Annessioni del genere ci furono durante la Prima repubblica e raggiunsero il culmine con la presidenza Leone, ma dalla presidenza Pertini in poi scomparvero del tutto e i ruoli riacquistarono la doverosa nettezza prevista dalla Costituzione. Nettezza tanto più necessaria in una fase in cui – al di là del conteggio dei seggi parlamentari – la maggioranza è stata votata dal 47 per cento degli elettori.

Sappiamo che il nuovo governo, subito dopo il voto di fiducia, si appresta ad affrontare i due primi e importanti appuntamenti: quello della sicurezza e quello dell’economia per un rilancio della domanda interna. Questioni complesse e irte di difficoltà. Il ministro dell’Interno, Maroni e quello della Giustizia, Alfano, stanno lavorando sul primo tema; il ministro dell’Economia, Tremonti, sul secondo.

La premessa al pacchetto “sicurezza” è una direttiva europea in corso di avanzato esame, che dovrebbe prolungare la permanenza degli immigrati nei centri di accoglienza e custodia fino a 18 mesi. Se e quando questa direttiva entrerà in vigore, essa darebbe tempo di esaminare in modo approfondito la figura dei vari immigrati e accoglierli o rispedirli ai paesi di provenienza.

Ma di ben più incisivo contenuto sono le misure di pertinenza del governo, predisposte dall’avvocato Ghedini, uno dei difensori di Berlusconi e membro del Parlamento. Si va da un elenco di reati particolarmente sensibili ai quali applicare le nuove misure, ad aumenti di pena rilevanti, all’obbligo di processi per direttissima nei casi di semi-flagranza, all’abolizione dei benefici di legge per i reati reiterati, all’istituzione del reato d’immigrazione clandestina.

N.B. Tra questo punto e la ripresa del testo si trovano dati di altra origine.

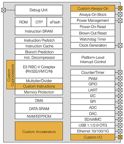 图2 采用RISC-V ISA的E300开源32位元MCU家族。
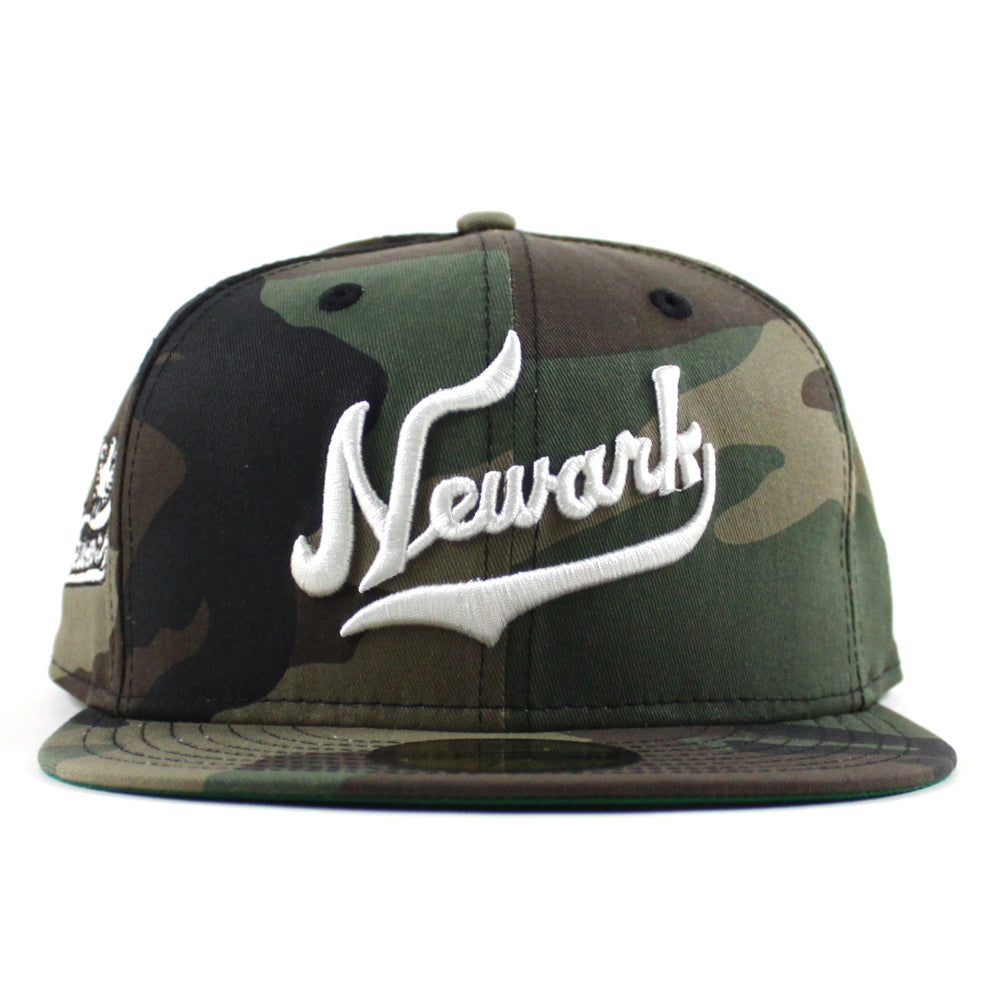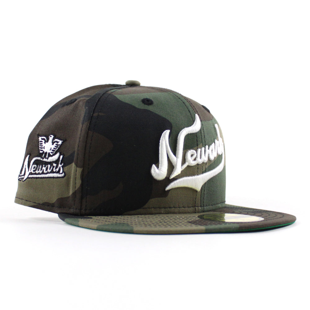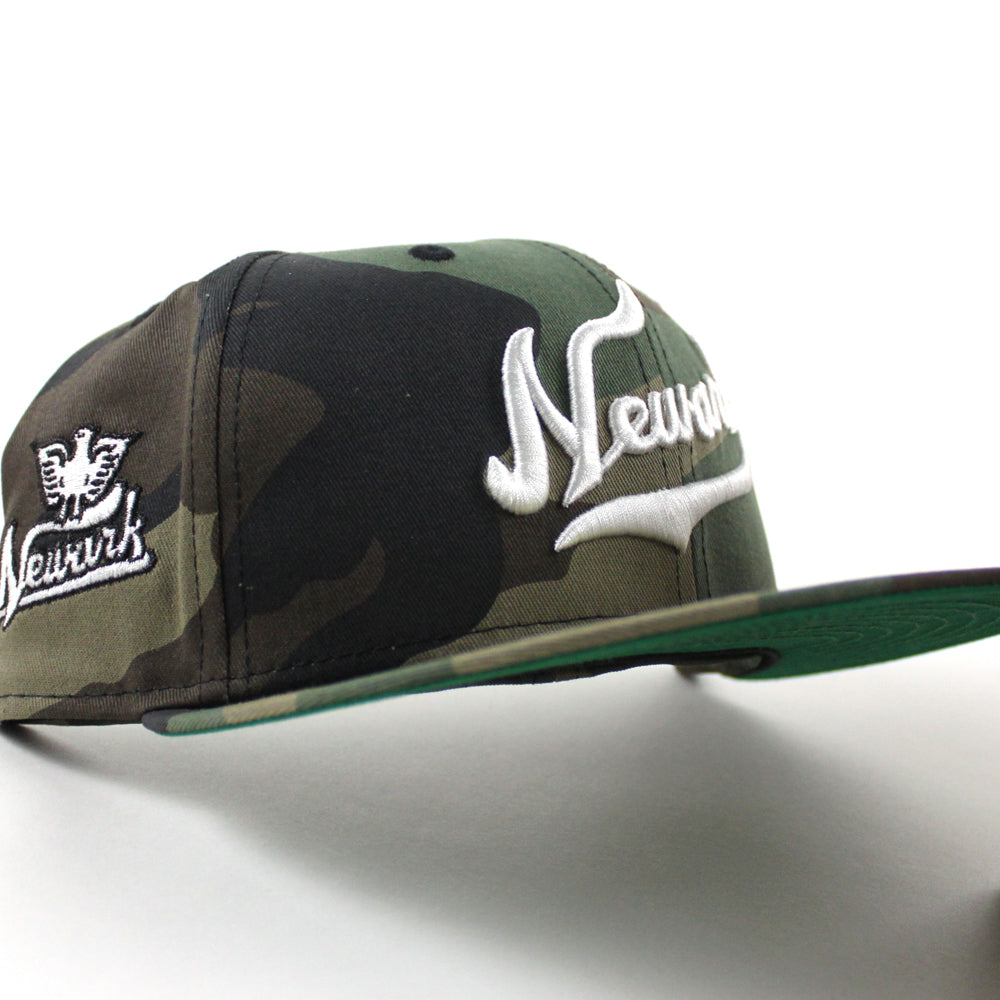 Newark Eagle 59Fifty New Era Fitted Hat in WoodLand Camo and Green Under Brim. Shout out to Brick City Baby!!

Infine alla chiusura delle frontiere per i “rom” provenienti dalla Romania, e al rimpatrio immediato di quelli irregolarmente entrati e residenti in Italia.

Quest’ultimo punto è particolarmente delicato perché richiede un accordo con il governo di Bucarest che non sembra affatto disposto a concederlo ed anzi minaccia eventuali rappresaglie sugli italiani residenti in Romania.

Il pacchetto nel suo complesso configura una politica assai dura e non priva di efficace deterrenza almeno in una prima fase, anche se è generale convinzione che politiche anti-immigrazione non avranno, sul tempo medio, alcuna efficacia se non nel quadro di un’assunzione di responsabilità europea e di accordi con i Paesi dai quali i flussi migratori provengono.

Dal punto di vista della politica immediata il governo trarrebbe indubbio giovamento di popolarità da queste misure, visto che quello della sicurezza è il tema principale intorno al quale si è formato il consenso degli elettori. Proprio per questo Berlusconi punta su un decreto legge d’immediata esecutività a dispetto della complessità e delicatezza della materia. Sarà decisiva su questo specifico tema la posizione del Capo dello Stato cui spetta di decidere se l’urgenza debba prevalere sull’esame approfondito ed ampio in sede parlamentare.

Ancora più ardua l’apertura di partita sul terreno dell’economia. Tremonti ha ieri affermato che non esiste alcun “tesoretto” spendibile. Affermazione discutibile dopo le dichiarazioni di Padoa-Schioppa nel momento del passaggio di consegne, anche considerando che l’ex ministro non è certo incline agli ottimismi contabili.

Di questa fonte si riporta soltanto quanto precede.